Elected judges in Pennsylvania are clearly excluded from the protection of ADEA by the exception clause of section 11(f). Intervenors cannot state a cause of action challenging the constitutionality of the mandatory retirement provision of the Pennsylvania Constitution on the basis of ADEA.

The constitutionality of the mandatory retirement of judges at age 70, Pa. Const. Art. V, § 16(b), is also challenged on the basis that it violates the due process and equal protection clauses of the fourteenth amendment of the United States Constitution. The due process violation is premised on the “irrebuttable presumption” doctrine. Petitioners’ argument is that mandatory retirement at age 70 presumes that judges over that age are incompetent and this presumption violates due process because judges over age 70 are deprived of their positions without having been given an opportunity to prove their competence. The equal protection violation argument is that judges over age 70 are treated differently than those under age 70 for no legitimate reason, or if there is a legitimate reason, mandatory retirement at age 70 is an irrational means of achieving the objective sought.
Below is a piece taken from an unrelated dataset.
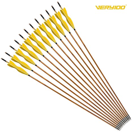 VERY100 12er 32 Zoll Pfeile für Bogen Traditional Holzpfeile aus Bambus 2018 mit Alu Gewindevorschneider für Broadheads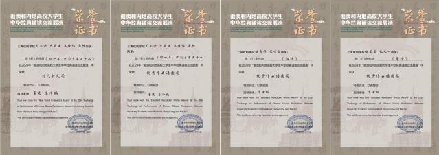 2024年港澳和内地高校大学生中华经典诵读交流展演活动中,《那一年,中国青年正十八》(贺子洪、苏佳怡、高畅、卢冠廷)斩获时代新风奖和优秀作品诵读奖;作品《红铁》(宋明哲、丛意丹)、《等待》(石芷菡、张之一)荣获优秀作品诵读奖。这些作品不仅展现了学子们对中华经典的深刻理解和传承,也体现了他们对时代精神的把握和表达。

Identical legal arguments were made by a group of five Pennsylvania trial judges in a declaratory judgment suit brought in federal district court in 1978. The district court agreed with the judges on both the due *638process and equal protection argument. Malmed v. Thornburgh (Malmed I), 478 F. Supp. 998 (E.D. Pa. 1979). However, the Third Circuit Court of Appeals reversed. Maimed p. Thornburgh (Maimed II), 621 F.2d 565 (3d Cir.), cert. denied, 449 U.S. 955 (1980). The Commonwealth, while acknowledging that this court is not bound by the Third Circuits decision, urges us to adopt the analysis of the court in the Maimed II decision. Petitioners agree that they are making the same United States Constitution challenges to the constitutionality of Pa. Const. Art. V, § 16(b) as were made in Maimed 1 and II. They request that this court adopt the reasoning of the district courts decision in Maimed I.

Careful review of both decisions shows disagreement concerning (1) viability and application of the “irrebuttable presumption” doctrine and (2) application of the equal protection rational basis test. At this preliminary point in the litigation of the instant case, we are unwilling to adopt the rationale of either decision.15 The determinations of the federal courts in Maimed I and II were based on an evidentiary record. All we have before us is a petition, preliminary objections to the peti*639tion, Intervenors’ petition, and Petitioners’ motion for summary relief.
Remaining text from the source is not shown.